- Recorded information -
____________________
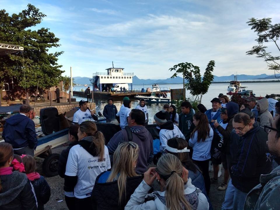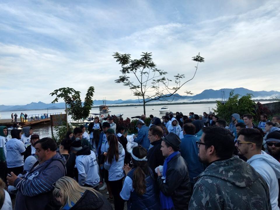 Segundo os organizadores, com apoio de 45 embarcações, aproximadamente 400 pessoas participaram da ação: além do prefeito Roberto Justus e secretários municipais, estavam presentes o secretário de Estado do Meio Ambiente, Antônio Carlos Bonetti, os vereadores Alaor Miranda, Nei Stoqueiro e Professora Paulina, servidores da Prefeitura, estudantes, surfistas, mergulhadores, pescadores artesanais e amadores.
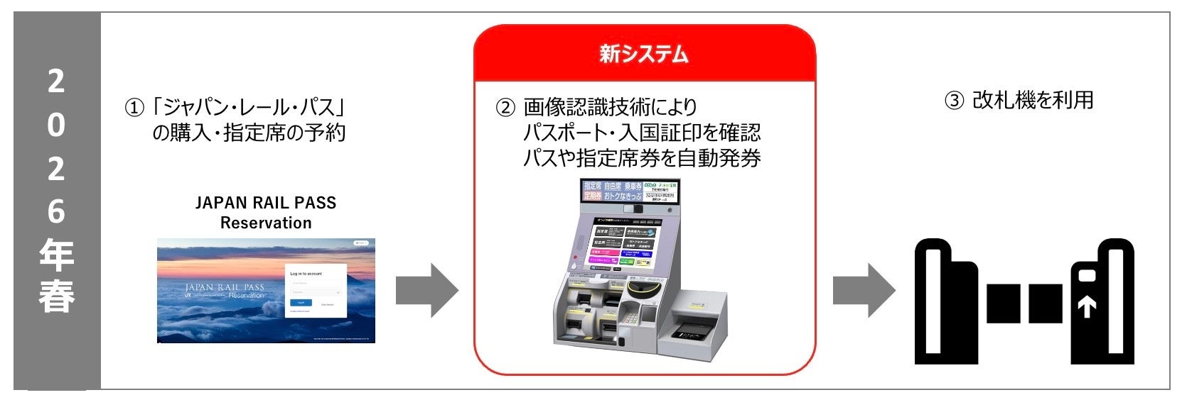 今後、2026 年春を目標に成田 、羽田 、および都区内の部主要駅に設置の指定席券売機にてジャパン・レール・パスの利用資格を自動判別の上、発券できる仕組みの導入を目指します。
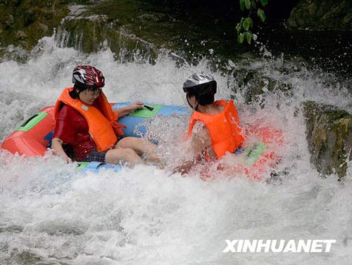 7月26日,一对男女在参加相亲交友为主题的漂流。当日,湖北宜昌一网站的相亲交友频道组织10对男女来到长阳土家族自治县兰草谷漂流,让他们在漂流运动中加强合作,增进了解,找到心仪的朋友。新华社发(王永胜 摄)
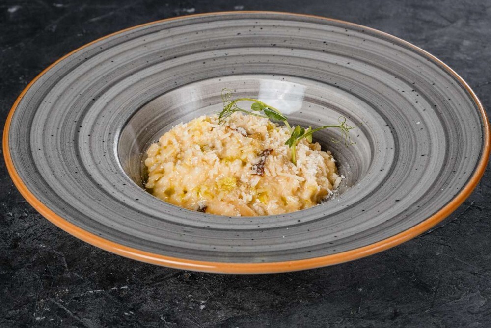 Ризотто с шафраном, кальмаром с песто, креветкой, пармезаном и угрем унаги
____________________
Copy out exactly the lines that run from the line containing "今後、2026 年春を目標に成田 、羽田" through the last line of the material, and nothing more; omit the pictures.

 今後、2026 年春を目標に成田 、羽田 、および都区内の部主要駅に設置の指定席券売機にてジャパン・レール・パスの利用資格を自動判別の上、発券できる仕組みの導入を目指します。
 7月26日,一对男女在参加相亲交友为主题的漂流。当日,湖北宜昌一网站的相亲交友频道组织10对男女来到长阳土家族自治县兰草谷漂流,让他们在漂流运动中加强合作,增进了解,找到心仪的朋友。新华社发(王永胜 摄)
 Ризотто с шафраном, кальмаром с песто, креветкой, пармезаном и угрем унаги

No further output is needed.